NCBI Bookshelf. A service of the National Library of Medicine, National Institutes of Health.

SRA Application Notes [Internet]. Bethesda (MD): National Center for Biotechnology Information (US); 2010-.

Cover of SRA Application Notes

SRA Application Notes [Internet].

Show details

Short Read Archive (SRA) Requirements Meeting

Created: ; Last Update: November 20, 2010.

StatusHistorical
Active Date2007
Inactive Date
ScopeINSDC SRA

Date: July 27, 2007

Place NISC Conf Room Rockville MD USA

1. Attendees

1.

Mike Attili

Helicosmattili at helicosbio.com
2. Vladimir AlekseyevNCBIaleksey at ncbi.nlm.nih.gov
3. Inna BelaiaNCBIbelaia at mail.nih.gov
4. Toby BloomBItbloom at broad.mit.edu
5. Vivian BonazziNHGRIbonazziv at mail.nih.gov
6. James BonfieldSangerjkb at sanger.ac.uk
7. Kevin BradtkeGenecodeskbradtke at genecodes.com
8. Deanna ChurchNCBIchurch at ncbi.nlm.nih.gov
9. Guy CochraneEBIcochrane at ebi.ac.uk
10. Anthony CoxIlluminaanthony.cox at solexa.co.uk
11. David DoolingWash Uddooling at watson.wustl.edu
12. Adam FelsenfeldNHGRIfelsenfa at exchange.nih.gov
13. Paul FlicekEBIflicek at ebi.ac.uk
14. Tim HunkapilerABItim at discoverybio.com
15. Steve LeonardSangersrl at sanger.ac.uk
16. Elaine MardisWash Uemardis at wustl.edu
17. Garbor MarthBCmarth at bc.edu
18. Jason MillerJCVIjmiller at jcvi.org
19. Donna MuznyBCMdonnam at bcm.tmc.edu
20. Jeffrey ReidBCMjgreid at bcm.tmc.edu
21. Harris ShapiroJGIhjshapiro at lbl.gov
22. Martin ShumwayNCBIshumwaym at ncbi.nlm.nih.gov
23. Asim SiddiquiBCGSCasims at bcgsc.ca
24. Bill SpencerRochebill.spencer at roche.com
25. Kristen StoopsHelicoskstoops at helicosbio.com
26. Kris WetterstrandNHGRIwettersk at mail.nih.gov
27. Eugene YaschenkoNCBIyaschenk at mail.nih.gov
28. Mike ZodyBImczody at broad.mit.edu

2. Data Production and Archive Requirements (led by David Dooling)
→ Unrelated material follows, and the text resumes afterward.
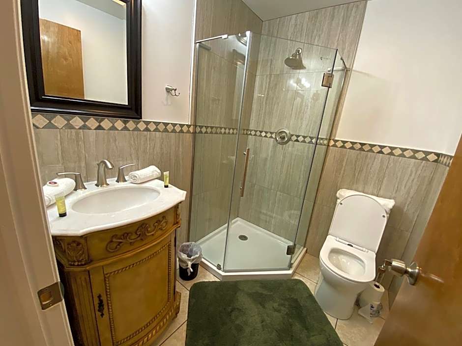 The family room features air conditioning and a private entrance, as well as a private bathroom boasting a walk-in shower. The family room features soundproof walls, parquet floors, a tiled floor as well as heating. The unit has 1 bed.

One approach is to show only the base coverage and coverage depth at each base of the reference.

A table of data requirements for each of the vendors was presented.

2.1. What do the centers currently do about data retention?

WUGC – We store SFF and metrics from 454 runs. We store R and D directories for two months, then purge them. For Illumina, we store everthing, but hope to store only the resulting .prb files.

WIBR – We keep all raw data for 1-2 months. Then we keep only a sub-sampling of images for subsequent quality analysis. We do our own alignments so the secondary analysis is not retained. For SOLiD, we do not pull images off the machine as this would be impractical. Just pull off processed intensity files (about 600 GB for 2 slides).

BCM – We are keeping everything for now but would like to get to a 3 month retention period. We would like to keep post-image analysis files.

SC – We keep images for a few weeks. We keep SFF from 454. We would like to keep SRF from Illumina once that is ready, and alignments are kept in a local format.

2.2. What should be publicly archived?

  • For 454, SFF plus meta data should be archived. The new SRF format should subsume SFF.
  • Everybody agreed archiving image data is infeasible.
  • Metrics from the instrument runs should not be archived. Even thought these are minimal in size, they are interesting only to production QC at the Centers and not to users of the archive.
  • Everybody agreed it is important to accept experimental meta data in a form which can be readily archived (as opposed to now, where it is embedded in each trace record).
  • Everybody agreed that Sanger data should remain in the current Trace Archive. Existing deposits of 454 data could be duplicated in the SRA, but this would entail additional migration work.
  • Everybody expressed the desire that SRF be the transaction medium for run data. It was felt that once adopted, the vendors would augment or replace existing delivery formats with SRF.
  • There was a question about logging four intensities (one per channel per cycle) rather than one (for the principal base call). Many Sanger-type sequencing analysis tools used only the intensity value of the principal base call at any consensus position. However, with new technologies having multiple high intensities per cycle would be an error.
  • There was consensus that one should not archive images even for limited rescoring R+D purposes. This is because such research will be taking place at the Centers, and for those who want to engage in it, they should go buy an instrument, rather than relying on the SRA.
  • Only a subset of quality values in the old phred range are actually used by these technologies and it’s not clear what they represent. Can fewer bits be used to encode them (other than the current 7 needed to encode 1-100)?
  • here was a question about whether it would be necessary to store negative values for processed intensities, or simply truncate them to zero. This could increase the SFF file size by as much as 10%.

2.3. Should the results of secondary analysis be archived?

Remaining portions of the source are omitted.